Data supplied -
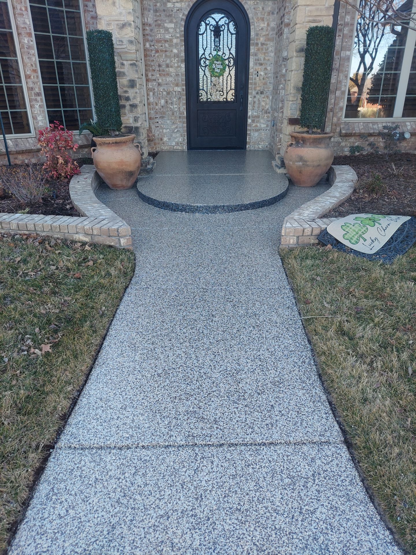 Cordwood concrete coating with black accent for step.
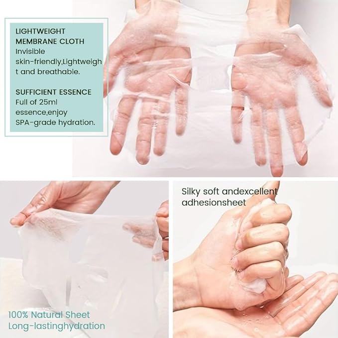 - FACIAL SKINCARE SHEET MASK:This premium women's skin care mask is silky smooth,moisturizing,refreshing and has increased efficacy and adhesion to block evaporation and lock in moisture for a hydrating effect that lasts all day
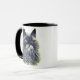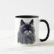 Café assoprando preto, enquanto e retrato de cinza de um lindo gato persa
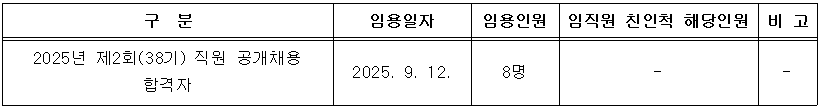 2025년 제2회(38기) 신규직원 대상 공단 친인척 현황 공개
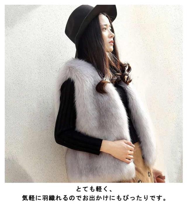 エコファー ベスト ノーカラー ショート フェイクファー ジレ ファーベスト ファーコート ファージャケット エレガント コーディガン 羽織 ショートベスト もこもこ ジレ ゆったり 大きいサイズ 40代 50代 レディース 個性的 送料無料
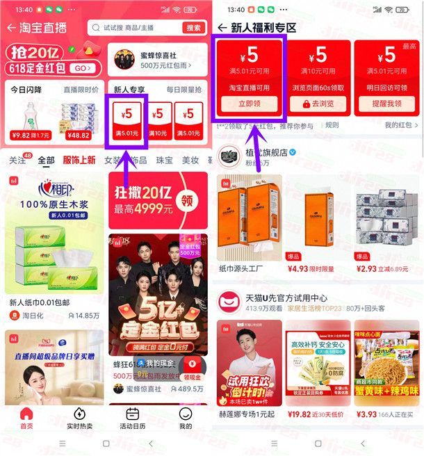 淘宝0元撸纸巾的活动又来了,通过打开“淘宝”APP搜索【淘宝直播】进去领5元新人红包(如果没有5元红包就换淘宝号领),领到5元红包后再去商品页面领一个5元券,然后就可以去直播间里下单购买1大提悬挂抽纸包邮。
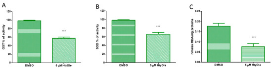 The potential of HtyOle in modulating the antioxidant defenses in human keratinocytes was also investigated. In our experiments, glutathione-S-transferase (GST) and superoxide dismutase (SOD) activities were decreased by HtyOle (Figure 4, panels A and B, respectively). The oxidative degradation of lipids leads to cell damage. Reactive aldehydes, including malondialdehyde (MDA), are the end products of lipid peroxidation [44]. In our experimental set-up, MDA levels decreased upon treatment with 5 µM of HtyOle when compared to control samples (Figure 4C).
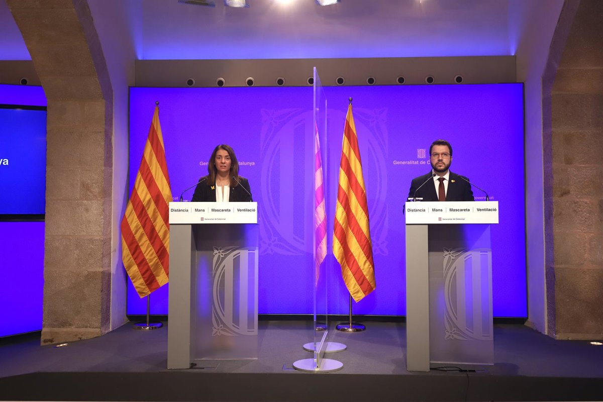 La consellera de Presidencia y portavoz del Govern, Meritxell Budó, y el vicepresidente de la Generalitat, Pere Aragons, en rueda de prensa telemática. - GENERALITAT

Your goal - Reproduce the listing above from the line that contains "エコファー ベスト ノーカラー" through its final line, exactly and with nothing added. Omit the images.

Answer below -
 エコファー ベスト ノーカラー ショート フェイクファー ジレ ファーベスト ファーコート ファージャケット エレガント コーディガン 羽織 ショートベスト もこもこ ジレ ゆったり 大きいサイズ 40代 50代 レディース 個性的 送料無料
 淘宝0元撸纸巾的活动又来了,通过打开“淘宝”APP搜索【淘宝直播】进去领5元新人红包(如果没有5元红包就换淘宝号领),领到5元红包后再去商品页面领一个5元券,然后就可以去直播间里下单购买1大提悬挂抽纸包邮。
 The potential of HtyOle in modulating the antioxidant defenses in human keratinocytes was also investigated. In our experiments, glutathione-S-transferase (GST) and superoxide dismutase (SOD) activities were decreased by HtyOle (Figure 4, panels A and B, respectively). The oxidative degradation of lipids leads to cell damage. Reactive aldehydes, including malondialdehyde (MDA), are the end products of lipid peroxidation [44]. In our experimental set-up, MDA levels decreased upon treatment with 5 µM of HtyOle when compared to control samples (Figure 4C).
 La consellera de Presidencia y portavoz del Govern, Meritxell Budó, y el vicepresidente de la Generalitat, Pere Aragons, en rueda de prensa telemática. - GENERALITAT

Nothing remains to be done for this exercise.